We further investigated the subcellular localisation of the tagged proteins, which revealed a localisation for the RNA helicase l(2)35Df to all nuclei, whereas the predicted C2H2-Zn-finger transcription factor Crooked legs (Crol-GFP) is restricted to the nuclei of the epithelial cells (Figure 4D). Interestingly, Corolla-GFP is exclusively localised to the oocyte nucleus in early egg chambers. This is consistent with the function of Corolla at the synaptonemal complex attaching homologous chromosomes during early meiosis (Collins et al., 2014). In contrast, the uncharacterised homeobox transcription factor E5 (E5-GFP) is largely restricted to the nuclei of anterior and posterior epithelial cells (Figure 4D). Apart from nuclear patterns, we found a significant number of cortical localisations, including the well characterised Crumbs (Crb-GFP) (Bulgakova and Knust, 2009) and the PDZ-domain containing Big bang (Bbg-GFP) (Bonnay and Cohen-Berros, 2013) at the apical cortex of the epithelial cells, the Na+/K+ transporter subunit Nervana 2 (Nrv2-GFP) at the lateral epithelial membrane, and the EGF-signalling regulator Star (S-GFP) as well as the TGF-β receptor Saxophone (Sax-GFP) localised to the cortex or membrane of the germ cells (Figure 4D and Supplementary Table 4). Furthermore, we find a perinuclear enrichment for the uncharacterised predicted NAD binding protein CG8768, and oocyte enrichments for the Tom22 homolog Maggie (Mge-GFP) (Vaskova et al., 2000), glycosyltransferase Wollknäuel (Wol-GFP) (Haecker et al., 2008) and the TGF-α homolog Gurken (Grk-GFP), the latter with its well established concentration around the oocyte nucleus (Neuman-Silberberg and Schüpbach, 1993) (Figure 4D).

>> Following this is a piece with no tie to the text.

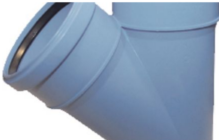
Фото: Системы внутренних водостоков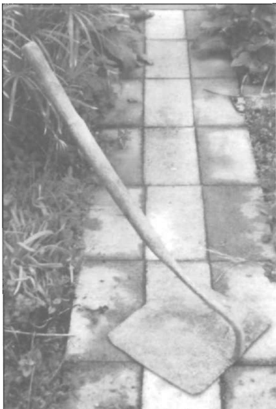
Lligona gran de fumigar la terra. Ha estat utilitzada pels llauradors fins la dècada dels cinquanta.

Cada dia transitaven els carros dels marjalencs. Carros de sorra baixa, i una gran vela cobrint tota la caixa. Davall dels arquets de la vela, asseguts en una cadira de boga, en companyia de l'hortolà, viatjaven sovint alguns membres de la mateixa família; pares, fills, la muller o tots junts. El carro era arrossegat sempre per un vigorós rossí.

To test if genes expressed from FlyFos system also undergo normal post-transcriptional regulation we analysed the osk-GFP line, which was recently used as a label for germ granules (Trcek et al., 2015). osk mRNA is transcribed from early stages of oogenesis onwards in the nurse cell nuclei and specifically transported to the oocyte, where it localises to the posterior pole (Ephrussi et al., 1991; Kim-Ha et al., 1991). Only after the mRNA is localised, it is translated from stage 9 onwards (Kim-Ha et al., 1995). Indeed, fosmid derived osk-GFP mRNA localizes normally during all stages of oogenesis and its translation is repressed during mRNA transport, as Osk-GFP can only be detected at the posterior pole from stage 9 onwards (Figure 4 Supplement 1A, B). osk-GFP also fully rescues all aspects of an osk null allele (Figure 3B, C). Additionally, we discovered a post-transcriptional regulation for corolla. corolla-GFP mRNA is localised to the oocyte at stage 6 and Corolla-GFP protein is transported into the oocyte nucleus. However, despite the presence of the corolla-GFP mRNA at stage 8, Corolla protein is undetectable, suggesting either a translational block of the RNA or targeted degradation of the protein (Figure 4 Supplement 1C - F). Taken together, these expression and protein localisation data recapitulate known patterns accurately and identify various unknown protein localisations in various cell types during oogenesis, and thus emphasise the value of the fly TransgeneOme resource.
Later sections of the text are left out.